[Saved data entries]
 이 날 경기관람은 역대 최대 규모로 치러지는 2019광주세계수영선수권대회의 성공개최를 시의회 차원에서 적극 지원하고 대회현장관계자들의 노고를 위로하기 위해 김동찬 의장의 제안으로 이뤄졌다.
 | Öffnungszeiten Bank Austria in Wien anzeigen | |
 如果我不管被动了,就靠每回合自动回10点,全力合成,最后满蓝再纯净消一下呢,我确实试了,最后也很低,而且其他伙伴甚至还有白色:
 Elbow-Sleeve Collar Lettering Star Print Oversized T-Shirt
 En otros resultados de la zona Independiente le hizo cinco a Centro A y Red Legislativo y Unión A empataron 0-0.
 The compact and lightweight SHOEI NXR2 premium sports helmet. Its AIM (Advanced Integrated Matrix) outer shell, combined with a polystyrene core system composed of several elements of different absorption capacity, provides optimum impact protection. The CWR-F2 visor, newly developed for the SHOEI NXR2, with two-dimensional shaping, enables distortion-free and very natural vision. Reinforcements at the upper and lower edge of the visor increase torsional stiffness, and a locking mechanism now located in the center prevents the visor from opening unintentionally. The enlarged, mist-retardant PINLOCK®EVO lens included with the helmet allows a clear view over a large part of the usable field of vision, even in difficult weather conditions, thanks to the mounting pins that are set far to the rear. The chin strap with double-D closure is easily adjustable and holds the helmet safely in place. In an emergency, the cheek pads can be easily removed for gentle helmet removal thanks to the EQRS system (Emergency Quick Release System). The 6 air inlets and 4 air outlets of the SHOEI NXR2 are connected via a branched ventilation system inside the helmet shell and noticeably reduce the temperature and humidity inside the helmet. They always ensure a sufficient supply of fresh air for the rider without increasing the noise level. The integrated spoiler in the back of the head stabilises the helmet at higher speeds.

---

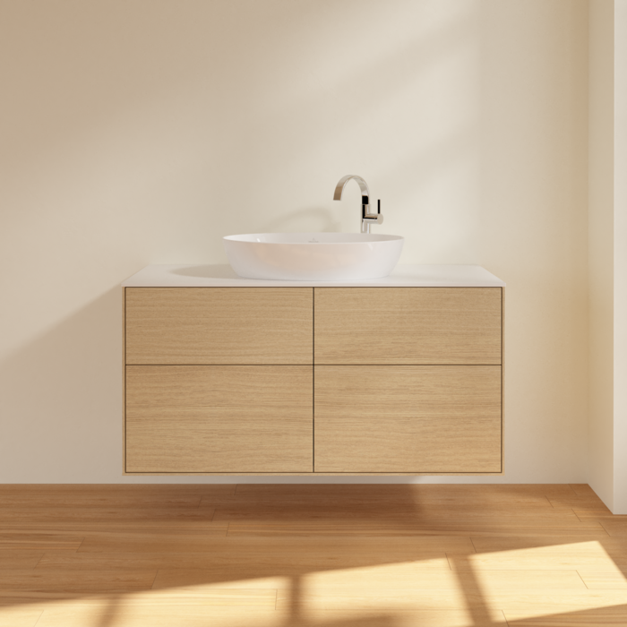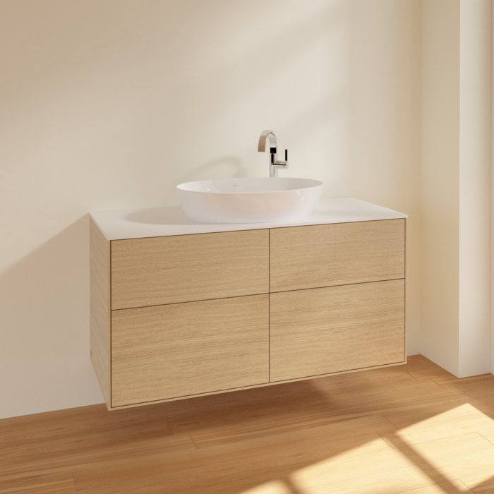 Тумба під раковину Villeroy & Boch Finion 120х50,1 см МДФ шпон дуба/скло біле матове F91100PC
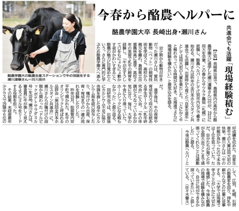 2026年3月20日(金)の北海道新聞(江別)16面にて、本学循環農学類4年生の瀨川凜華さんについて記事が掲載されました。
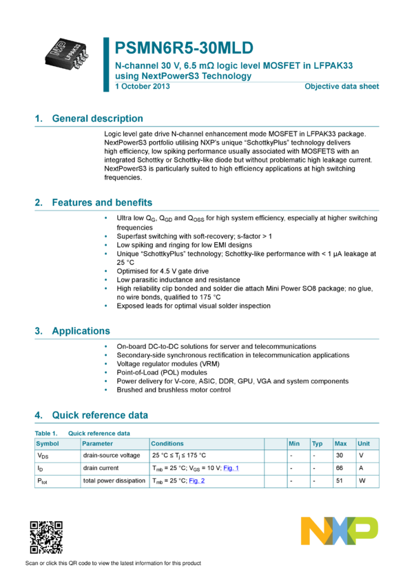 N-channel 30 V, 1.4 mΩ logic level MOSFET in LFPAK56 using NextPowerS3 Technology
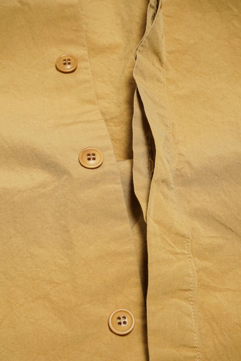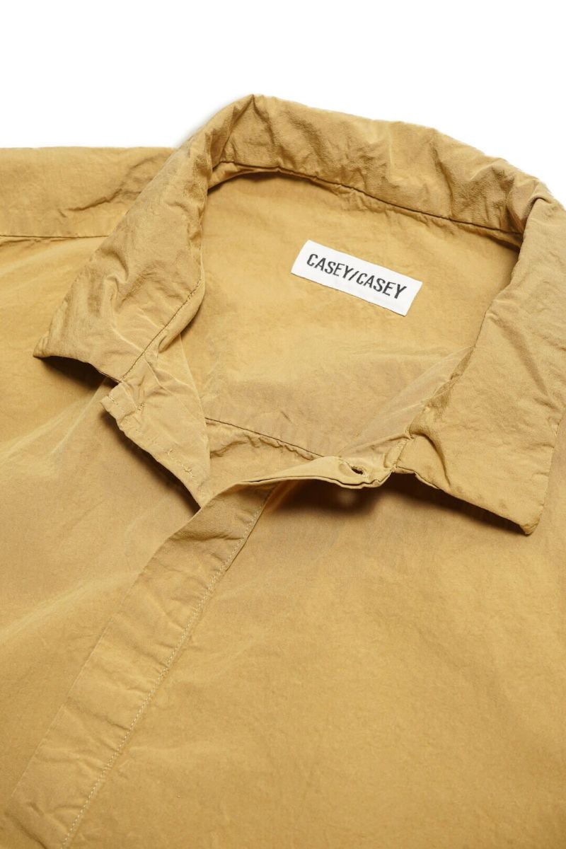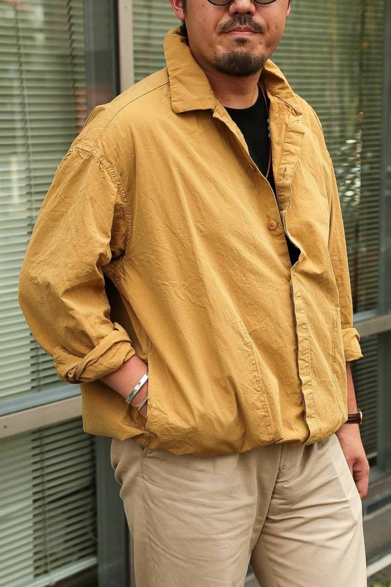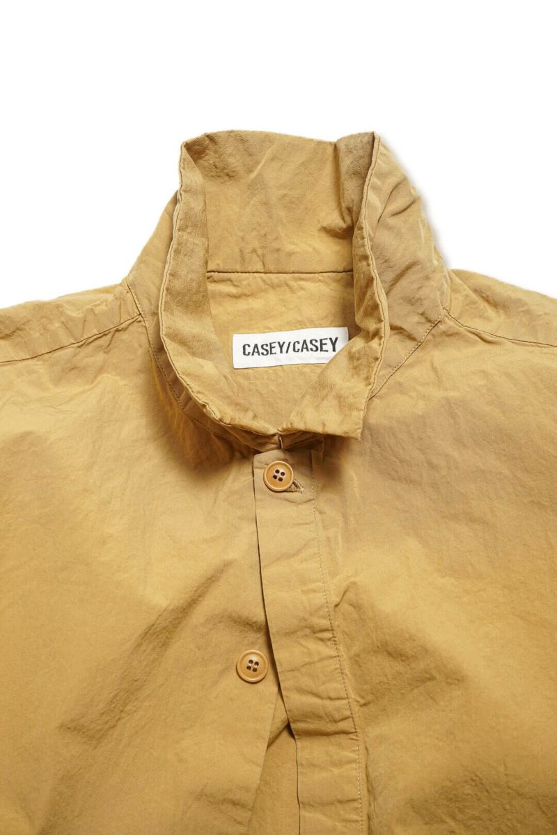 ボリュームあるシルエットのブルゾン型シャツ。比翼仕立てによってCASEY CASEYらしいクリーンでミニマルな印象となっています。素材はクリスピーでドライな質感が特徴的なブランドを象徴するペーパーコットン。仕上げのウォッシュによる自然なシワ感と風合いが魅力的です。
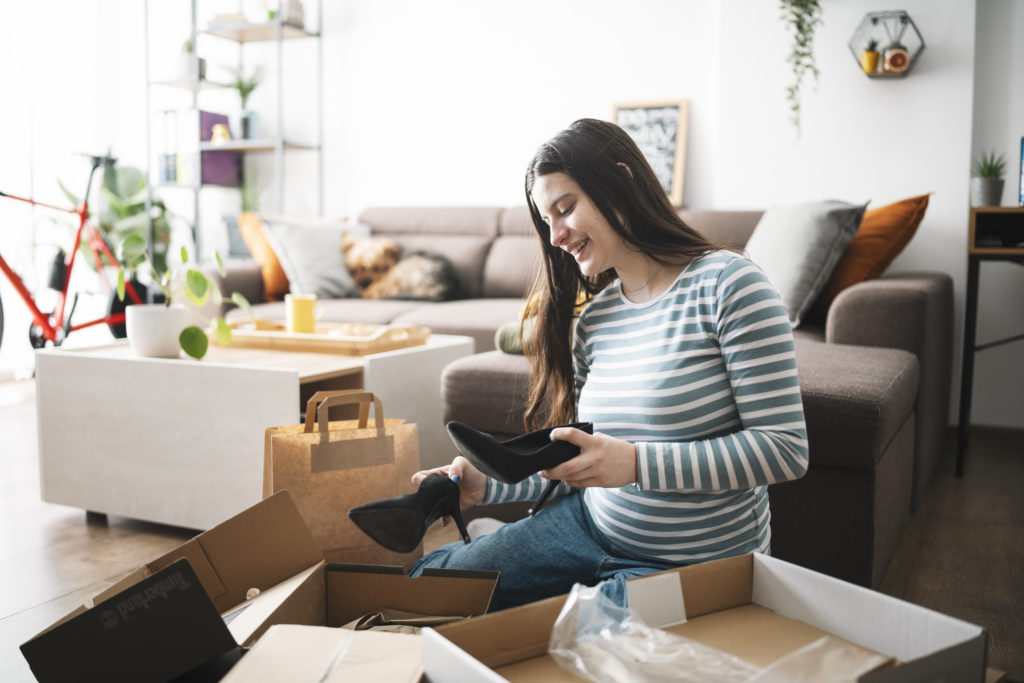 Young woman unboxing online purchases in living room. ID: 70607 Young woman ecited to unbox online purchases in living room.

* * *

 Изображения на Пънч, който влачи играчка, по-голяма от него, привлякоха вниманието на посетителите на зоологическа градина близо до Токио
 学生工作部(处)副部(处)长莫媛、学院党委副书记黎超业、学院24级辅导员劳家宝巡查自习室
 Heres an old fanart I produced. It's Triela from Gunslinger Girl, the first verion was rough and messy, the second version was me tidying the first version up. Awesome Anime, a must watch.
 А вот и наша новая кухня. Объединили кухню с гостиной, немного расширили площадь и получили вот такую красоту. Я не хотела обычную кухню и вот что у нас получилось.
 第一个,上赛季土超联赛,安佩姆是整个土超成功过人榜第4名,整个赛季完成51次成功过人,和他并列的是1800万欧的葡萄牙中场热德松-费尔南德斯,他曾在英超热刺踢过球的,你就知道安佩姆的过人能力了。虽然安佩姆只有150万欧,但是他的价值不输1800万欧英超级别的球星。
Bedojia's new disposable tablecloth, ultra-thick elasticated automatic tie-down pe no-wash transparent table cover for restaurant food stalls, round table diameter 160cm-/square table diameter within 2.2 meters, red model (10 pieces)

- Assigned task
Look above for the line containing "N-channel 30 V, 1.4", then copy exactly from it through the line containing "Young woman unboxing", keeping both and leaving out pictures. Add nothing else.

- Solved exercise
 N-channel 30 V, 1.4 mΩ logic level MOSFET in LFPAK56 using NextPowerS3 Technology
 ボリュームあるシルエットのブルゾン型シャツ。比翼仕立てによってCASEY CASEYらしいクリーンでミニマルな印象となっています。素材はクリスピーでドライな質感が特徴的なブランドを象徴するペーパーコットン。仕上げのウォッシュによる自然なシワ感と風合いが魅力的です。
 Young woman unboxing online purchases in living room. ID: 70607 Young woman ecited to unbox online purchases in living room.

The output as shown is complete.